And the answer I got overwhelmingly is 90% of the things people are doing on Kubernetes today, they did not think was an initial use case for Kubernetes. Kubernetes was initially created for stateless applications like web applications to scale massively on the cloud. But people found all sorts of interesting ways to use Kubernetes in many ways.

And over time, I think the project itself caught up with stateful set stuff, and storage, and now accelerators to GPUs and TPUs, and a bunch of other things. Last KubeCon, there was a talk on the Kubernetes schedule-- KubeCon schedule about using FPGAs as an operating unit on Kubernetes as well. So people are finding all sorts of cool, interesting ways to use these things.

And it's always exciting for me to hear these stories, like the one Richard mentioned about using a MacBook Pro Ray Cluster. Richard, you mentioned accelerated DAG. Can one of you explain a little bit more what it is? It sounds interesting, but I'm not-- I don't think our listeners are going to be completely clear of what that does.

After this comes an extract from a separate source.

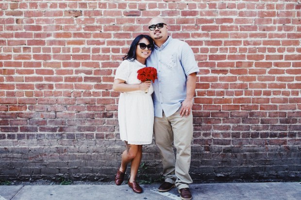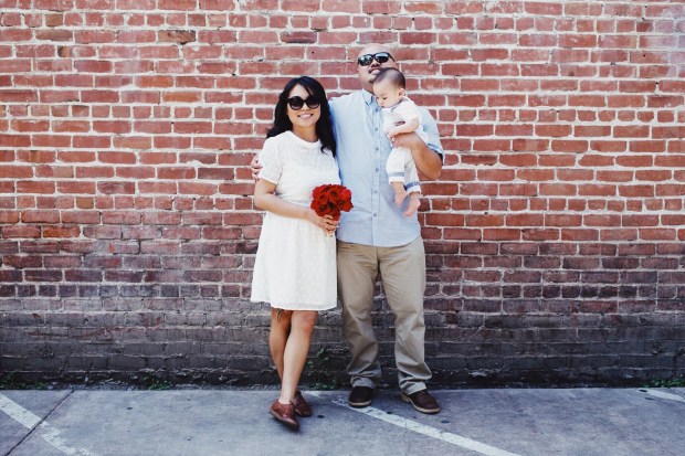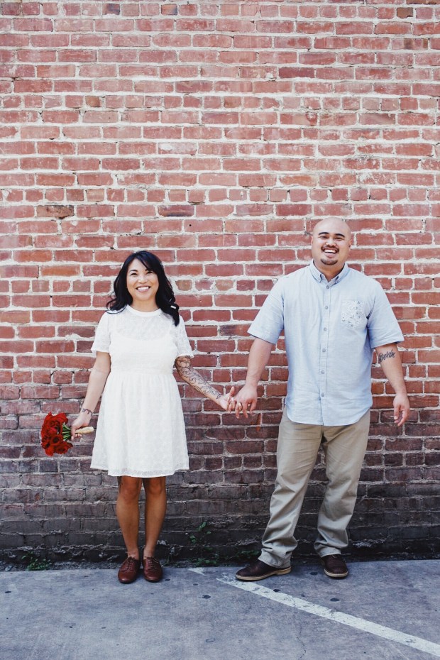We had an impromptu reception at San Pedro Square Market. After all was said and done, we ended up having that fictitious lunch we mentioned earlier with everyone in the end. After our meal, we walked on over to the Old Wagon Saloon and Grill, and took some pictures in front of their brick wall.

KAI-HSUN CHEN: I think that maybe I can tackle that part, because I'm working on this project accelerated DAG. I think accelerated DAG is that because I think Ray is that-- you can say, currently, Ray is a resource orchestrator. And then accelerated DAG is that it-- first, is that it reduces the system overhead that's from Ray.

And then second is that we want to do more about accelerator-centric computation, like use some protocol like nickel and maybe RDMA in the future to accelerate the system overhead. And we are talking on two kinds of workloads. The first one is the large-scale inference and the second one is on the large scale training. And I am primarily focusing on the large scale training.

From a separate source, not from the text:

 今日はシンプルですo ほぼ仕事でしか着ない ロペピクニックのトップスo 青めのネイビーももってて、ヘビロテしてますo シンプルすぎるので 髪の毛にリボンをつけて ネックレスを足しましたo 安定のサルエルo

And I think accelerated DAG provides a very simple API for you to-- for example, like define your pipeline parallelism. And in my experience is that I think there is a very popular strategy of pipeline parallelism and the literal bubble pipeline parallelism.

It's from a researcher team in Singapore. And you can see they're an open source repository. They fork Megatron and then add some patch on it to implement the zero bubble pipeline parallelism.

And you can read the patch. I think Istio-- maybe it is a short patch, but you require a lot of knowledge from the Megatron to implement this patch. But with the Ray-accelerated DAG, you just need to have maybe 100 lines of code in a single Python script and import Ray, and then you can implement it.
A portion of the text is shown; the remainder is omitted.